John Schiff, Jacob’s grandson and the chief partner, and his adviser, Sir William Wiseman, knew the firm risked stagnation. A shrewd cloak-and-dagger figure, Wiseman had been the chief British spy master in America during World War I and then became a Kuhn, Loeb partner. He spotted Siegmund as a rising London star and told Schiff that Siegmund could be the spark to recharge Kuhn, Loeb’s battery. In 1951, Schiff wooed Siegmund with a fantastically tempting offer: He could become senior partner of Kuhn, Loeb if he moved to New York and made it his principal activity. But Siegmund had an immigrant’s fondness for England and owed much to the Bank of England, the Rothschilds, other friendly British firms, and the industrious uncles. So he declined, later explaining that “having built up my firm in England, I felt very deeply attached to England and I wouldn’t dream of moving my domicile from London.”7
Instead, Siegmund became a normal Kuhn, Loeb partner, spending half the year in New York and sharing his New York earnings with his London firm. Since the New York Stock Exchange forbade officers of foreign banks from becoming partners in member firms, Siegmund started out in late 1952 as an “executive director” and didn’t officially become a partner until 1956. In reality, he enjoyed a partner’s authority all along. As one associate said, “His views on the New York Stock Exchange, from his experience as a partner in Kuhn, Loeb, produced invective of a style and force which could rival Swift.”8
Siegmund was extremely excited about the prestigious Kuhn, Loeb connection and instructed his London secretaries to address letters to American businessmen as “Mr.” but to Kuhn, Loeb partners as “Esquire.” His relatives were dubious about his prospects. Knowing how he set himself up for disappointments, Eva warned that the Kuhn, Loeb partners were rich and self-satisfied and that he was taking on a losing battle. But Siegmund liked a challenge and was excessively confident of his own powers of persuasion.
John Schiff hoped Siegmund would develop transatlantic business, bring European clients to Kuhn, Loeb, and serve the firm’s clients in Europe. He put Siegmund on the executive committee, a stunning feat that made him the sole European banker with such standing in a top-drawer Wall Street house. Henceforth, S. G. Warburg & Co. and Kuhn, Loeb would represent each other in London and New York.
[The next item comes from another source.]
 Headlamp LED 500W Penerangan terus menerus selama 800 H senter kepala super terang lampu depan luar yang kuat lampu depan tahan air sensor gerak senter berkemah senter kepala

During his stormy Kuhn, Loeb tenure, Siegmund faced the same predicament that had stymied him in Hamburg and London. He was again the capable outsider, the brilliant upstart, baffled and derided by threatened insiders. This maddened him, making him more determined to succeed. For Siegmund, Kuhn, Loeb was the sort of haphazard outfit that brought out his moralistic contempt for waste.
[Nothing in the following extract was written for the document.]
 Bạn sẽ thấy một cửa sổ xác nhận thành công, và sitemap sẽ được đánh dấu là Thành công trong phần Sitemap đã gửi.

With his penetrating vision, Siegmund at once spotted the firm’s flaws. In 1954, he prepared a memo charting Kuhn, Loeb’s real, if still imperceptible decline. In London, Siegmund had created a free-flowing collegial atmosphere. Anticipating Japanese methods, he would form teams for each client and have green recruits working beside senior directors. In contrast, Siegmund noted that the ossified Kuhn, Loeb had gone from Jacob Schiffs dictatorship to separate baronies. Too lazy to chase new business, the firm coasted on its past. “On the one hand,” he told John Schiff, “there is too much free play for dilettantism without sufficient appreciation of the importance of professional work.”9 Siegmund was shocked at how Kuhn, Loeb moved by inertia. “The firm has apparently no long-range plan, other than to hang on to existing clients and to try—by no particular or definite method—to get new ones. Its organization, at best, is rudimentary and unintegrated.…”10 For Siegmund, if the people, corporate structure, and culture were right, the rest would fall into place.
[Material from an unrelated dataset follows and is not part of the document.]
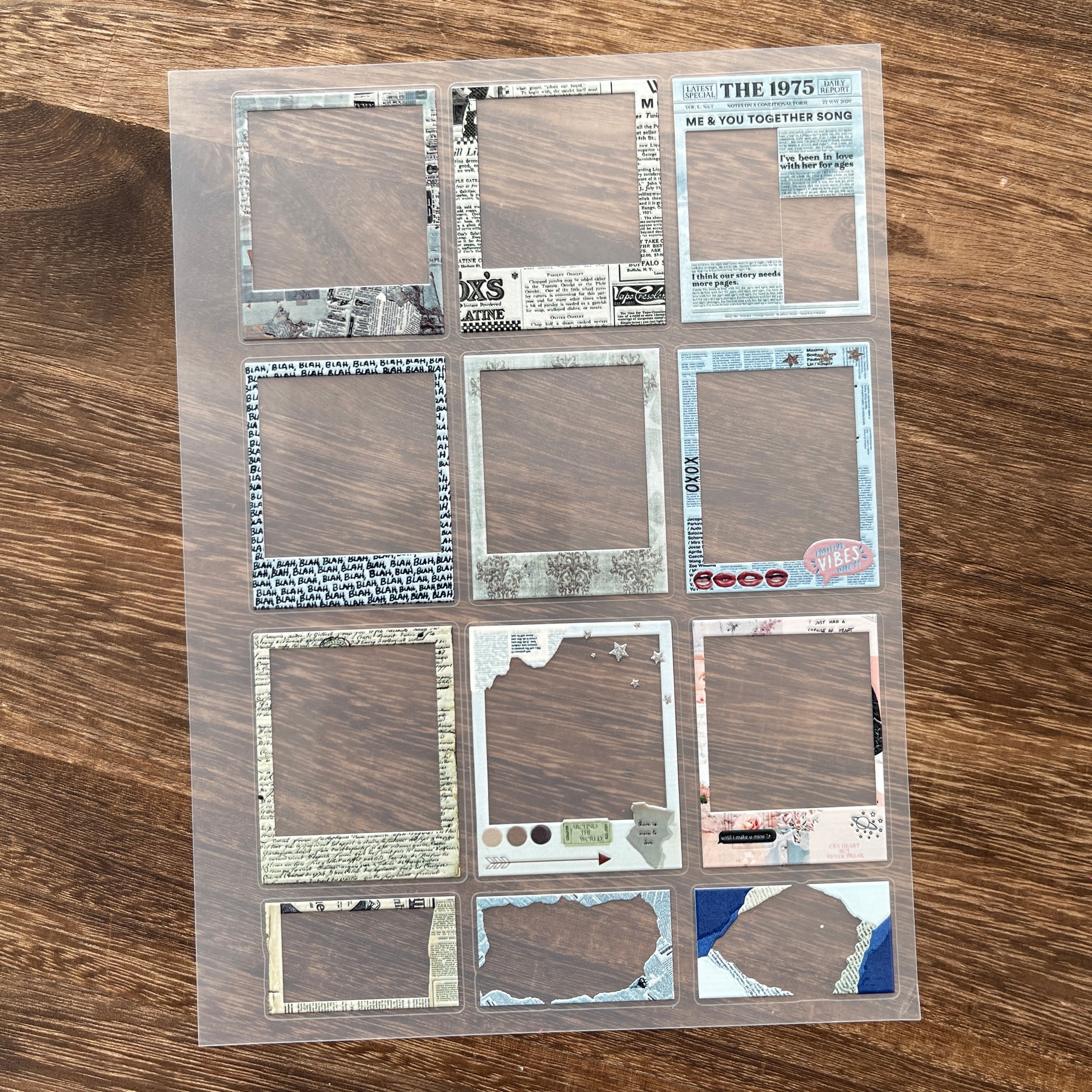 3D Vintage newspaper border PET Sticker 1 Pcs

Siegmund’s critique was prescient. Unfortunately, his efforts to galvanize Kuhn, Loeb became ensnared in the issue of his own personal ambitions. It was widely feared that Siegmund wanted to dominate or take over Kuhn, Loeb and run it from London. No sooner did he join the executive committee in 1953 than he lobbied to be its chairman.11 In the 1954 memo, Siegmund urged Schiff to appoint him managing director, spawning mistrust.12 A few weeks later, Siegmund told Schiff defensively, “your remark yesterday about the question of powers gave me the impression that you thought I wanted to have dictatorial powers.”13 Siegmund had a clear-sighted view of Kuhn, Loeb’s problems but his thrusting style, superior intelligence, and sometimes overbearing manner unsettled the leery Americans.
Critical of the firm’s fragmented structure, Siegmund generated many sweeping blueprints to concentrate power in a small leadership group that always seemed to include himself. He thought piecemeal solutions a form of cowardly evasion. The model he invoked was the close teamwork and professionalism of his London firm. But Siegmund’s Prussian sense of hierarchy collided with the anarchic culture of an American partnership. When he tried to end turf wars at Kuhn, Loeb by having partners share the morning mail—imitating the uncles in London—it created an uproar. Siegmund also disliked the American mentality that people who produced the most should be paid the most, which he thought undercut the necessary team spirit.
Siegmund was now a personage in his own right, a powerful presence when he entered a room. With a melancholy, world-weary aura, sallow complexion, and saturnine smile, he was an enigmatic figure. He seemed a magician who might suddenly pull a scarf from his sleeve or a chess master who might spring an unexpected move. Still striking with his jet-black hair and piercing eyes, he wore well-tailored, double-breasted suits of dark blue or gray. The wheels of his mind always turned. A mesmerizing orator, he spoke softly, but with such cogent, precisely chosen words that people leaned forward and sat riveted. He had a knack for delivering remarks that seemed spontaneous but were premeditated down to the opening pleasantries. Siegmund was so artful that people at a meeting could never spot his precise agenda, which often came wrapped in a carefully spun tissue of secondary or tertiary concerns.
Like a cloistered scholar, he paced the Kuhn, Loeb halls, his hands clasped behind him, his back increasingly hunched. Enormous tension was
bottled up inside him. In fact, his famous charm seemed to spring from a lifelong struggle to tame his strong emotions. Sometimes his nervous shoulder tic gave a telltale twitch when he asked a loaded question. His eyes were cool, steady, watchful, and all-seeing. If he stopped to chat with a young associate, clapping a hand on his shoulder, his eyes would scan the work on the employee’s desk. Phenomenally diligent, he often started at eight-forty-five while the American partners ambled in at ten. Throughout his life, Siegmund had minutely budgeted days, but never seemed in a hurry. He was always available if problems arose and he knew how to make twenty guests per day feel they were currently his top priority.
But instead of seeing Siegmund’s strength and drive, many Kuhn, Loeb partners saw an overweening and egotistical upstart. They didn’t warm to the Old World erudition that enchanted others. For many in the flippant Kuhn, Loeb crowd, Siegmund’s book chatter sounded pretentious. When he cultivated Lehman Brothers partners for new business, his detractors yawned. They didn’t respond to Siegmund’s view of the banker as a combination of guru, confidant, and management consultant. At the time, Wall Street bankers condescended to their more threadbare British counterparts and this certainly extended to Siegmund.